Online education Scott Peterson/Getty Images

Bringing Arab Education Online

Inadequate access to high-quality schooling in the Arab world has contributed to a widening skills gap that is leaving many young people, even those who have completed school, unemployed and hopeless. But one promising solution offers hope throughout the region: investment in online learning.

DUBAI – Education has long been a challenge in the Arab world, with inadequate access to high-quality schooling contributing to a widening skills gap that is leaving many young people, even graduates, unemployed and hopeless. In a region plagued by conflict and disorder, addressing these problems will not be easy. But, with a bold and innovative approach, it can be done.

Of course, no single strategy is guaranteed to resolve the Arab world’s educational challenges. At the newly created Abdulla Al Ghurair Foundation for Education, which has $1.1 billion and a mandate to broaden opportunities for young Arabs by providing them with scholarships, we have given a lot of thought to the effectiveness – and cost-effectiveness – of the various possible approaches. And one option stands out: online learning.

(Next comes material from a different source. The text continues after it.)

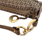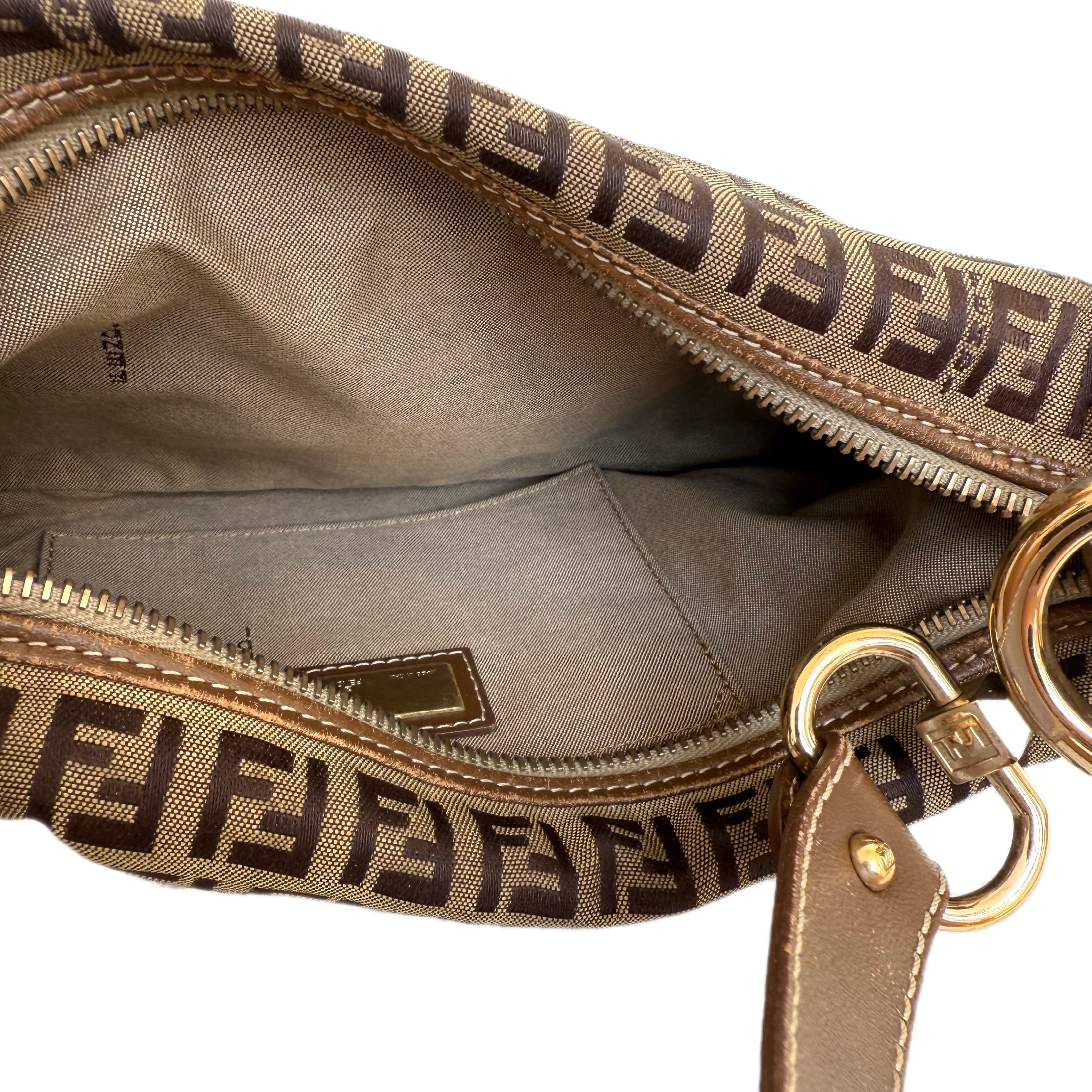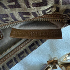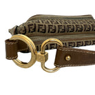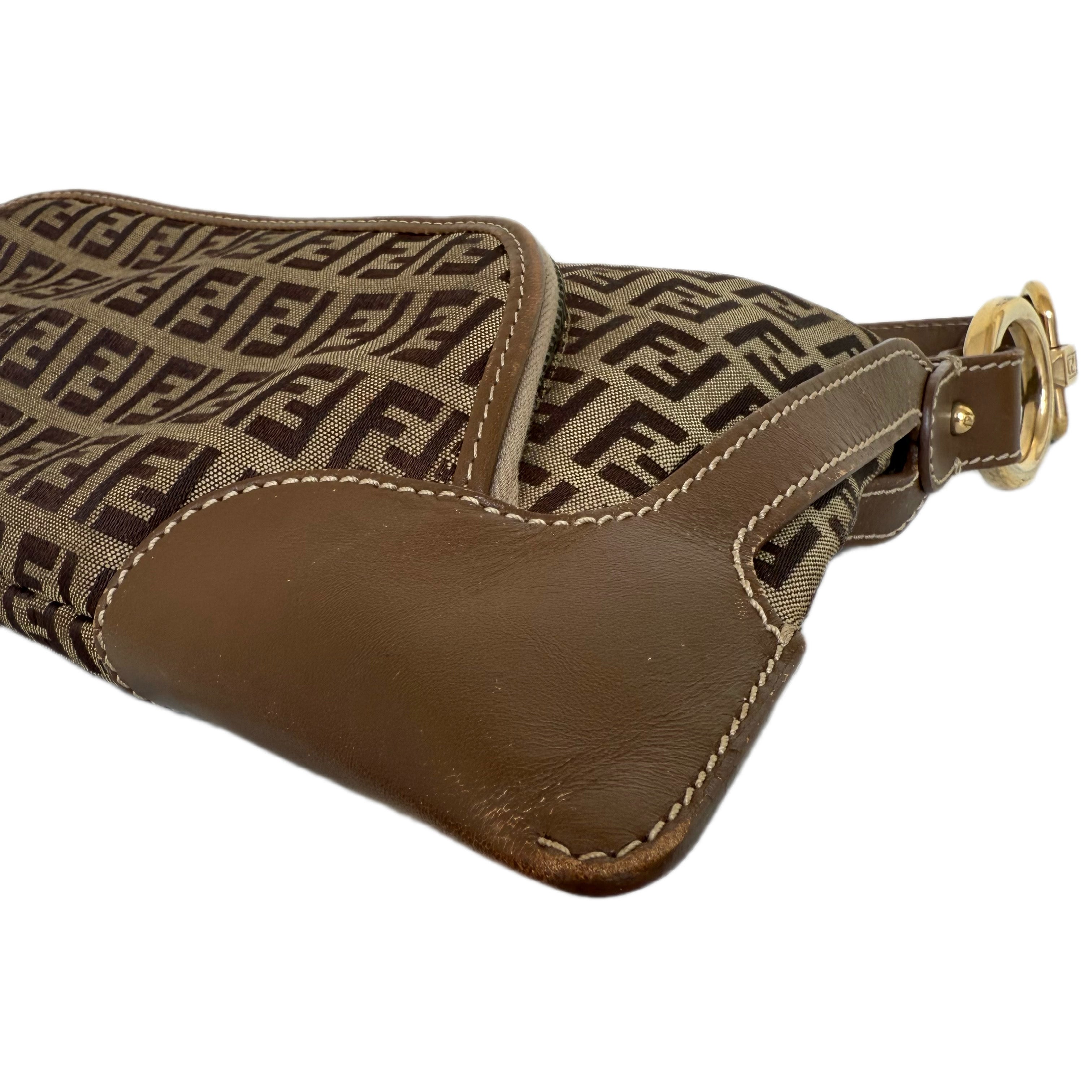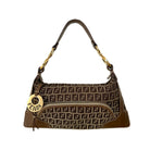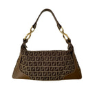Fendi brown Zucchino canvas and leather shoulder bag with front pocket. Classic monogram design with practical everyday functionality.

Already, Arab countries are making rapid progress in expanding Internet connectivity. By 2018, there are expected to be some 226 million Internet users in the Arab world, amounting to more than 55% of the population – almost 7% higher than the global average. But the vast majority of young people use the Internet for social media, rather than for economic or educational purposes. In this sense, they are missing out on a major opportunity, especially given the strides that have been made in improving the effectiveness and appeal of online learning.